#### [Goal of the exercise]
In the listing below, the lines starting at the line with "parus, de cette" and ending at the line with "Kaos Anak Cewek" are to be output verbatim. Images stay out of the copy.

#### [Data for the task]
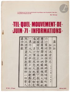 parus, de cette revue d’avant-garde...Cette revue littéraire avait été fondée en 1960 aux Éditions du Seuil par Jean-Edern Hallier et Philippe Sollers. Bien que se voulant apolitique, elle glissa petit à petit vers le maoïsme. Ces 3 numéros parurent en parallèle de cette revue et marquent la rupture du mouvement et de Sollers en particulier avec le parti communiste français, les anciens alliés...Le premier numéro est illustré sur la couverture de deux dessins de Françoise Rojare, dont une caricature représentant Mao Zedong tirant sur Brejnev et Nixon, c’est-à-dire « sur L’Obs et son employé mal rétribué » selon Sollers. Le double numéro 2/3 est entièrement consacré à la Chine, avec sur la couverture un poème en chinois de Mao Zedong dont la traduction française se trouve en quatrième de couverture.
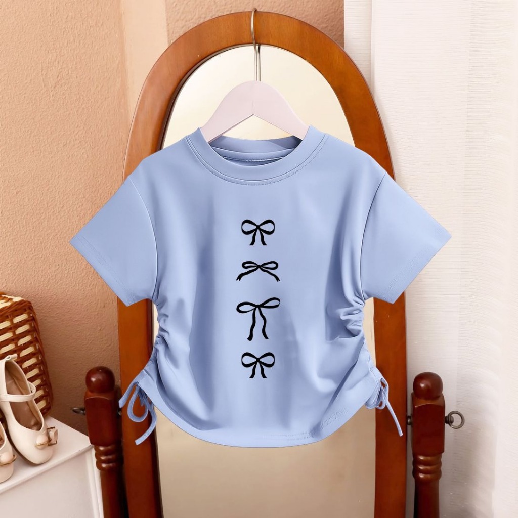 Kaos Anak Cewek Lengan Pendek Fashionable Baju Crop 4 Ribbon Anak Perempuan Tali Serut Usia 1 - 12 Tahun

--

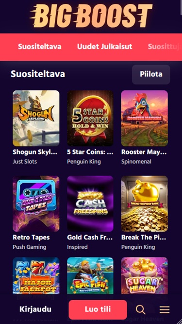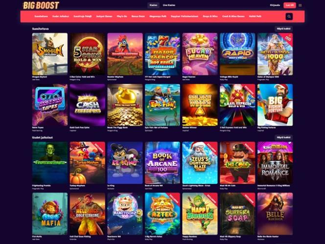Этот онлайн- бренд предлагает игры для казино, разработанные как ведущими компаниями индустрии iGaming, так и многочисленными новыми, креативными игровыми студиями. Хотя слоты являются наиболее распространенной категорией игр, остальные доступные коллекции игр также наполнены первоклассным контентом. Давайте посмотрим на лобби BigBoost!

#### [Exercise output]
 parus, de cette revue d’avant-garde...Cette revue littéraire avait été fondée en 1960 aux Éditions du Seuil par Jean-Edern Hallier et Philippe Sollers. Bien que se voulant apolitique, elle glissa petit à petit vers le maoïsme. Ces 3 numéros parurent en parallèle de cette revue et marquent la rupture du mouvement et de Sollers en particulier avec le parti communiste français, les anciens alliés...Le premier numéro est illustré sur la couverture de deux dessins de Françoise Rojare, dont une caricature représentant Mao Zedong tirant sur Brejnev et Nixon, c’est-à-dire « sur L’Obs et son employé mal rétribué » selon Sollers. Le double numéro 2/3 est entièrement consacré à la Chine, avec sur la couverture un poème en chinois de Mao Zedong dont la traduction française se trouve en quatrième de couverture.
 Kaos Anak Cewek Lengan Pendek Fashionable Baju Crop 4 Ribbon Anak Perempuan Tali Serut Usia 1 - 12 Tahun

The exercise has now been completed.